Syed had been one of 25 incarcerated students at Georgetown's inaugural Bachelor of Liberal Arts program at the Patuxent Institute in Jessup, Maryland, during the year leading up to his release, the university said.

"To go from prison to being a Georgetown student and then to actually be on campus on a pathway to work for Georgetown at the Prisons and Justice Initiative, it's a full circle moment," Syed said in the university's announcement. "PJI changed my life. It changed my family's life. Hopefully I can have the same kind of impact on others."

Syed, 41, hopes to continue his Georgetown education and eventually go to law school.

After spending 23 years in prison, he walked out of a Baltimore courthouse in September after a judge overturned his conviction for the 1999 murder of high school student Hae Min Lee, Syed's ex-girlfriend.

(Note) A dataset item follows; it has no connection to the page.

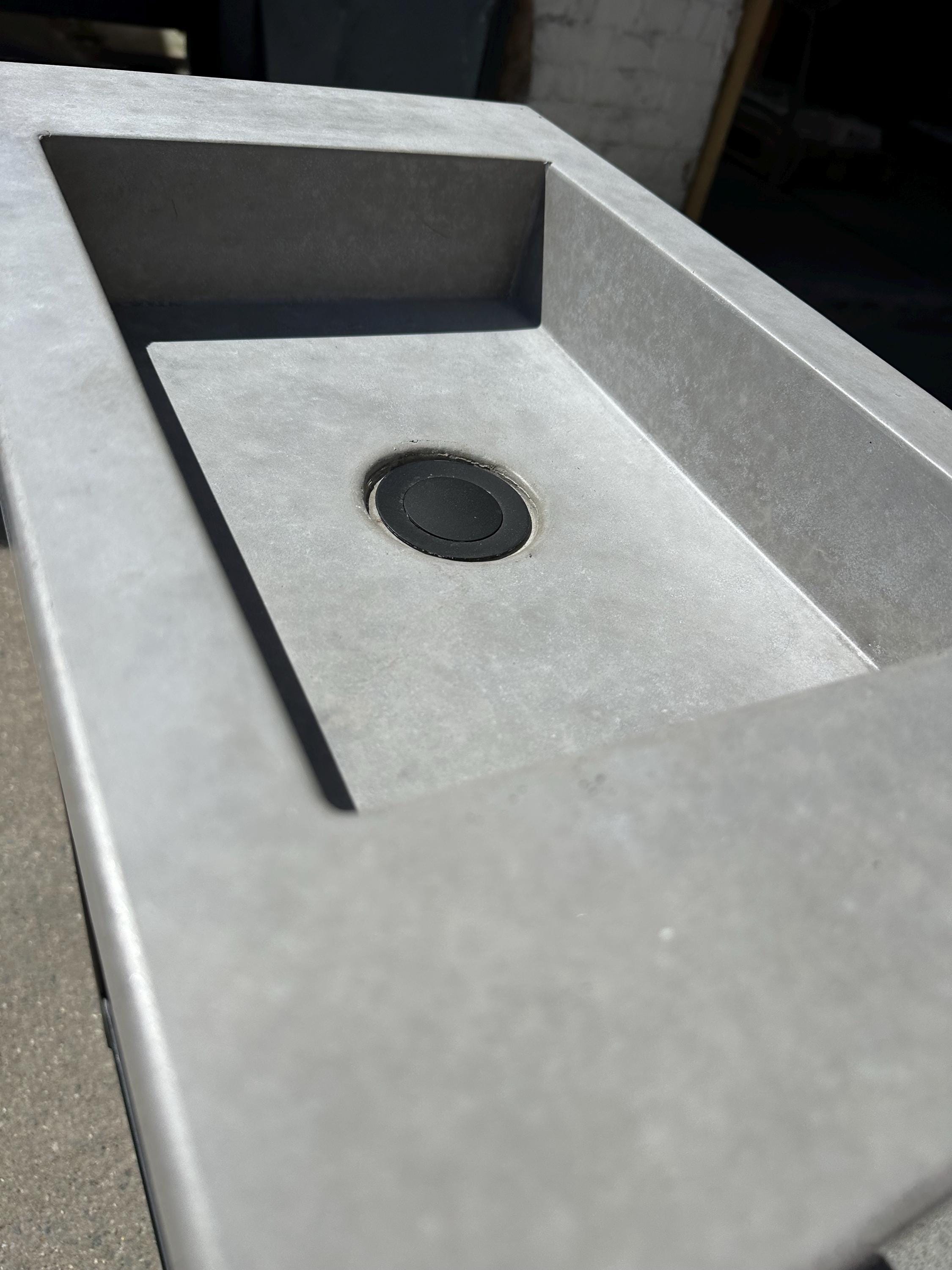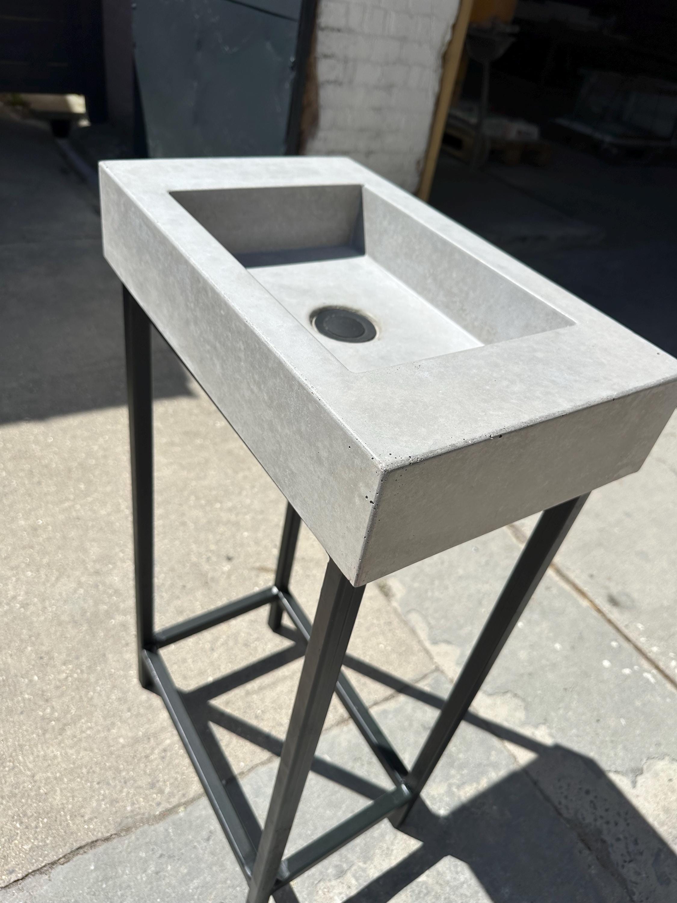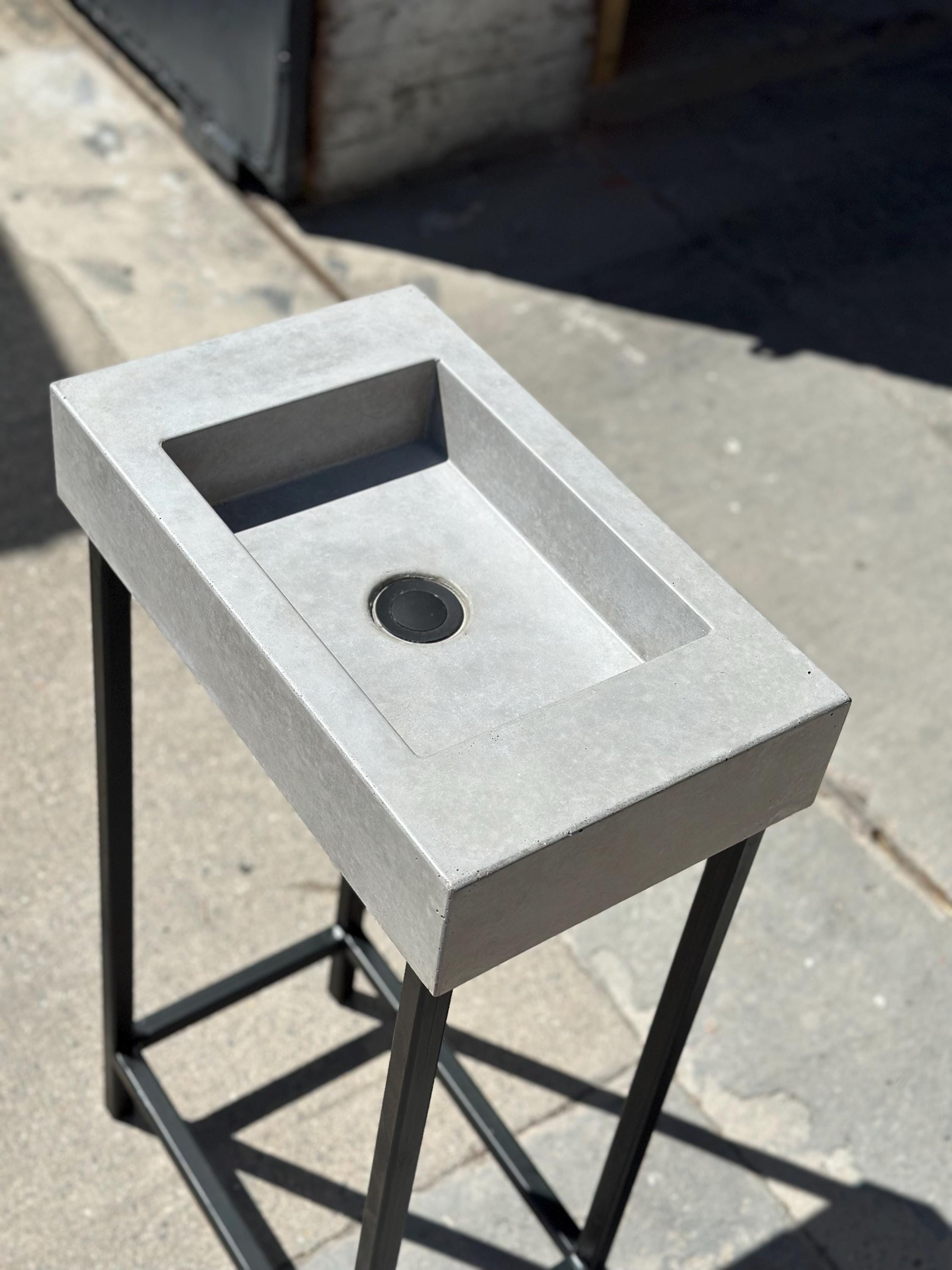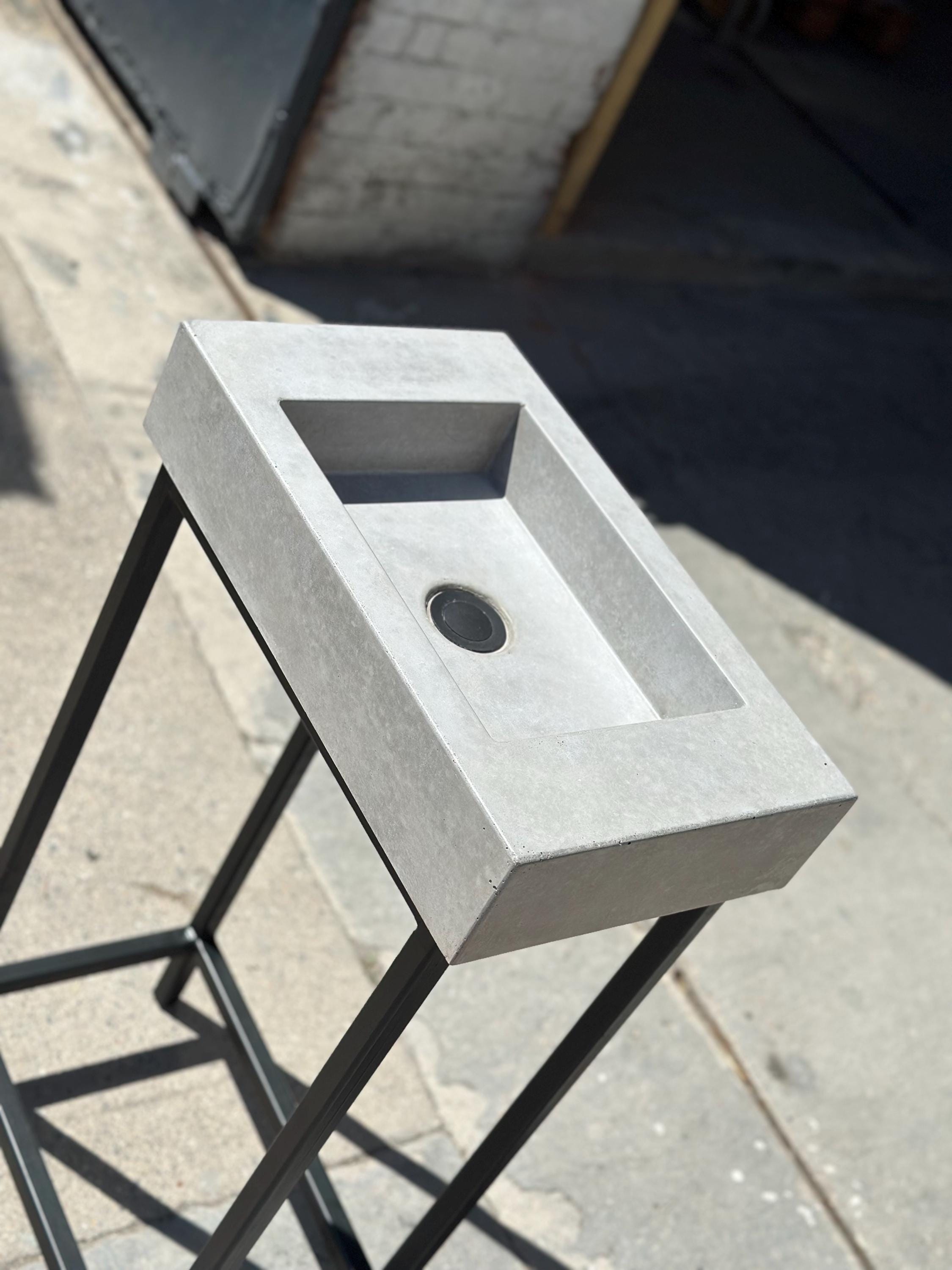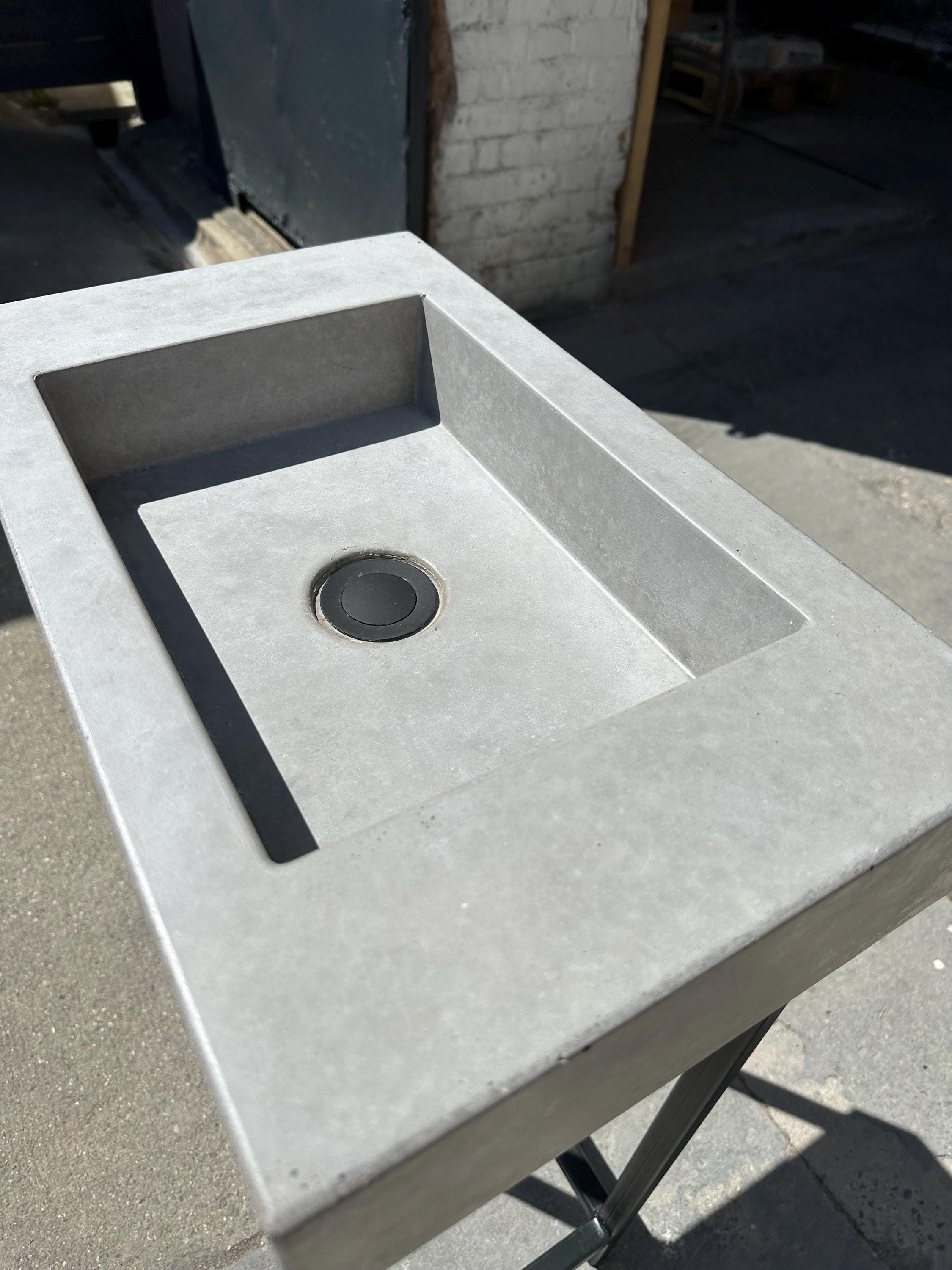 • Handmade black terrazzo concrete sink with matching frame

Baltimore Circuit Court Judge Melissa Phinn ordered his release at the behest of prosecutors who said they had recently uncovered new evidence.

Prosecutors said a reinvestigation of the case revealed evidence regarding the possible involvement of two alternate suspects. The two suspects may have been involved individually or together, the state's attorney's office said.

The suspects were known persons at the time of the original investigation and were not properly ruled out nor disclosed to the defense, prosecutors said.

Baltimore State's Attorney Marilyn Mosby's office also cited new results from DNA testing that was conducted using a more modern technique than when evidence in the case was first tested. The recent testing excluded Syed as a suspect, prosecutors said.

Syed always maintained his innocence. His case captured the attention of millions in 2014 when the debut season of "Serial" focused on Lee's killing and raised doubts about some of the evidence prosecutors had used. The program shattered podcast-streaming and downloading records.